* [ASSIGNMENT]
Copy out all lines in the material below that contain the string "from".

*** DATA SHOWN Section Begins ***

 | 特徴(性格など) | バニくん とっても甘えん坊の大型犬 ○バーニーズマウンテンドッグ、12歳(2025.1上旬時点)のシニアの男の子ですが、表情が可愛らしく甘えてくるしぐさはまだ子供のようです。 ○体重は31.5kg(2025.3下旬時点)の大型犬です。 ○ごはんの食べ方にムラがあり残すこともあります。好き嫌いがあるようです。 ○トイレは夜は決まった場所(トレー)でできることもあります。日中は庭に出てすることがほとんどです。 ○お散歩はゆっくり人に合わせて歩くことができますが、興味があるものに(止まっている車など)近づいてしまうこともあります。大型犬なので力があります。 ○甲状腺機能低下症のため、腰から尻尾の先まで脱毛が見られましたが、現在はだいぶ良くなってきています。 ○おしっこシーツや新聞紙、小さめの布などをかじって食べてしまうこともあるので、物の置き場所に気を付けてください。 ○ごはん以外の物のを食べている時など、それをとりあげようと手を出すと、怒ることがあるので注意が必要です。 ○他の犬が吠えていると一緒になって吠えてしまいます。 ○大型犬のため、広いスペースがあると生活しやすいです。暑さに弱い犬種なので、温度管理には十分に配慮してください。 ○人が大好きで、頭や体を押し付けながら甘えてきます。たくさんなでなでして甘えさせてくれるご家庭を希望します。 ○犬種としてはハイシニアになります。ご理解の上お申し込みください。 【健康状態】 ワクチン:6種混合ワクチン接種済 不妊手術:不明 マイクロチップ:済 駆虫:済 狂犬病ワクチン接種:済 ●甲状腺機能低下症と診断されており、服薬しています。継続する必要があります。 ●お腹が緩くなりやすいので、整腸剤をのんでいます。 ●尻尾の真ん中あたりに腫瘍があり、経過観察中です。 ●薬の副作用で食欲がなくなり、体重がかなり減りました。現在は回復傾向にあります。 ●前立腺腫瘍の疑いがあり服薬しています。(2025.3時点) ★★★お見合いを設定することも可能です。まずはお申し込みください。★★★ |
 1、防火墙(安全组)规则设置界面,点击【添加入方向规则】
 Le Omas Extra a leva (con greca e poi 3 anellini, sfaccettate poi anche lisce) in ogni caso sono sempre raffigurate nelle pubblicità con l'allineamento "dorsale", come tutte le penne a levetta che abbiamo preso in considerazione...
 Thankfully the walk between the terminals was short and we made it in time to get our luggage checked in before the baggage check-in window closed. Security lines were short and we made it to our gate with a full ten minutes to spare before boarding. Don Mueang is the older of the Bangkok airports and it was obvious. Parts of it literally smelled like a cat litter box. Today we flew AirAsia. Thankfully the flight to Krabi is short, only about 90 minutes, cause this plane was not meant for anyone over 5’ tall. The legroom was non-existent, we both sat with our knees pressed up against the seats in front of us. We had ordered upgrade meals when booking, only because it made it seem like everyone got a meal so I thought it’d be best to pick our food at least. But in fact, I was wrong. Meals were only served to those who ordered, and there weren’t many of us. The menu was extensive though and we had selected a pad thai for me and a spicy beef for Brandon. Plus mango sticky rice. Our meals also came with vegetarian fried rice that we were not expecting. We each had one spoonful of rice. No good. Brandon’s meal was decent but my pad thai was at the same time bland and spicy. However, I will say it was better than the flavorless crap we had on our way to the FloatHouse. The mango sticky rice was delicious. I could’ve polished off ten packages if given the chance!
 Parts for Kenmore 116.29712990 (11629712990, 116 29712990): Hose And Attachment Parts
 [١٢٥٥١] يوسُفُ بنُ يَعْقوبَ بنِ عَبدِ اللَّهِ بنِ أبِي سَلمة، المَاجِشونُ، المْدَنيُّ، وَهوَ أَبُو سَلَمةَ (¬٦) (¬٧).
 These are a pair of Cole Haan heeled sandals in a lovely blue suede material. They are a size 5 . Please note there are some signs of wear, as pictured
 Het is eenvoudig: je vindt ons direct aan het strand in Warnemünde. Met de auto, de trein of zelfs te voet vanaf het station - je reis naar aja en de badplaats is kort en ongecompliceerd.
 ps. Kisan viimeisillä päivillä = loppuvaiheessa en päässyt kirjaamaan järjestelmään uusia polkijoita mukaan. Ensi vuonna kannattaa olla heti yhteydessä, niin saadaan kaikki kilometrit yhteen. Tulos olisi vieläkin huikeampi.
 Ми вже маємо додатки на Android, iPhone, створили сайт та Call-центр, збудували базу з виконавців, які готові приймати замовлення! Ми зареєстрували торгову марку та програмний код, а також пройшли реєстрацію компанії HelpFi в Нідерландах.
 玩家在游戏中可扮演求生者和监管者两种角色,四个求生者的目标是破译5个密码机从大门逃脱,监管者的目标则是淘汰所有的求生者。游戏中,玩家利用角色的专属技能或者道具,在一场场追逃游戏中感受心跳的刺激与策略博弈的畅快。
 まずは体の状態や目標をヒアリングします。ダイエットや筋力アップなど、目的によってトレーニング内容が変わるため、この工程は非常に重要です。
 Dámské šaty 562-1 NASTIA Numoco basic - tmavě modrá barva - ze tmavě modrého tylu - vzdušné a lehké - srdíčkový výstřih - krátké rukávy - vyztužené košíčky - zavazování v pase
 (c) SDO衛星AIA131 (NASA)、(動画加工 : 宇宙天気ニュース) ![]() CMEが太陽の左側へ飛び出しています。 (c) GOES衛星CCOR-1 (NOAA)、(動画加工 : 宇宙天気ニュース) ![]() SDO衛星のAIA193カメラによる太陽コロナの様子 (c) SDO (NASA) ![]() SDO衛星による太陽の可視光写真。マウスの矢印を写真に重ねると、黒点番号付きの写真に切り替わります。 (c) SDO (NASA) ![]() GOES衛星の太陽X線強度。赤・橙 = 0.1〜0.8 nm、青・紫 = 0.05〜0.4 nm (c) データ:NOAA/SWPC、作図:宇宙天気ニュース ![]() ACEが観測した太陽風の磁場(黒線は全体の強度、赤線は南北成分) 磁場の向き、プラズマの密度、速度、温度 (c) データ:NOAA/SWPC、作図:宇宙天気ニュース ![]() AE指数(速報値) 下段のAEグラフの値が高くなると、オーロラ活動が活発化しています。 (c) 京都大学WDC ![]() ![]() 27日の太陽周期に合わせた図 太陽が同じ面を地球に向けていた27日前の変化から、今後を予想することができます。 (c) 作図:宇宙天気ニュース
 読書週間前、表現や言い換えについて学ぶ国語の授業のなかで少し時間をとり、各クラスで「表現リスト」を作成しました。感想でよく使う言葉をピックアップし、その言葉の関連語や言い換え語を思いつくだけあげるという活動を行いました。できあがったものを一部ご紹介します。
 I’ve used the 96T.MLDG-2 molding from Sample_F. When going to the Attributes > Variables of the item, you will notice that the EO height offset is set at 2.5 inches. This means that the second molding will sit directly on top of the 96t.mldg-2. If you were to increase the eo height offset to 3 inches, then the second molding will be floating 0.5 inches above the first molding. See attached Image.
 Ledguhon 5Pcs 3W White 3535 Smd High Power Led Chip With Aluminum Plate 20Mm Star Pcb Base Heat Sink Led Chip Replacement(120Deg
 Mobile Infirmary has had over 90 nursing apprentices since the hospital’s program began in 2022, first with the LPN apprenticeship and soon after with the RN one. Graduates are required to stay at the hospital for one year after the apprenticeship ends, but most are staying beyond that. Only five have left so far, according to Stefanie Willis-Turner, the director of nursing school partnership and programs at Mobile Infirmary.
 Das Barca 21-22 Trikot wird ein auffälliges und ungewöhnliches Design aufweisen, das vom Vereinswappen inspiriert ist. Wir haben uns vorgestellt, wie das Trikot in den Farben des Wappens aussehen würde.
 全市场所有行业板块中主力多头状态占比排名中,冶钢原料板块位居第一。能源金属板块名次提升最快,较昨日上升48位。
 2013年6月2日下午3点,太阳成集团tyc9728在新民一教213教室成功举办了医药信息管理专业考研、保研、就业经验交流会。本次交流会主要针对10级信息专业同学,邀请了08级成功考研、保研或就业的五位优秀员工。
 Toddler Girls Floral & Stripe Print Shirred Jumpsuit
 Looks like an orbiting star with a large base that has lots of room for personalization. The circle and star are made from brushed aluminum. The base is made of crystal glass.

*** DATA SHOWN Section Ends ***

* [YOUR SOLUTION]
 I’ve used the 96T.MLDG-2 molding from Sample_F. When going to the Attributes > Variables of the item, you will notice that the EO height offset is set at 2.5 inches. This means that the second molding will sit directly on top of the 96t.mldg-2. If you were to increase the eo height offset to 3 inches, then the second molding will be floating 0.5 inches above the first molding. See attached Image.
 Looks like an orbiting star with a large base that has lots of room for personalization. The circle and star are made from brushed aluminum. The base is made of crystal glass.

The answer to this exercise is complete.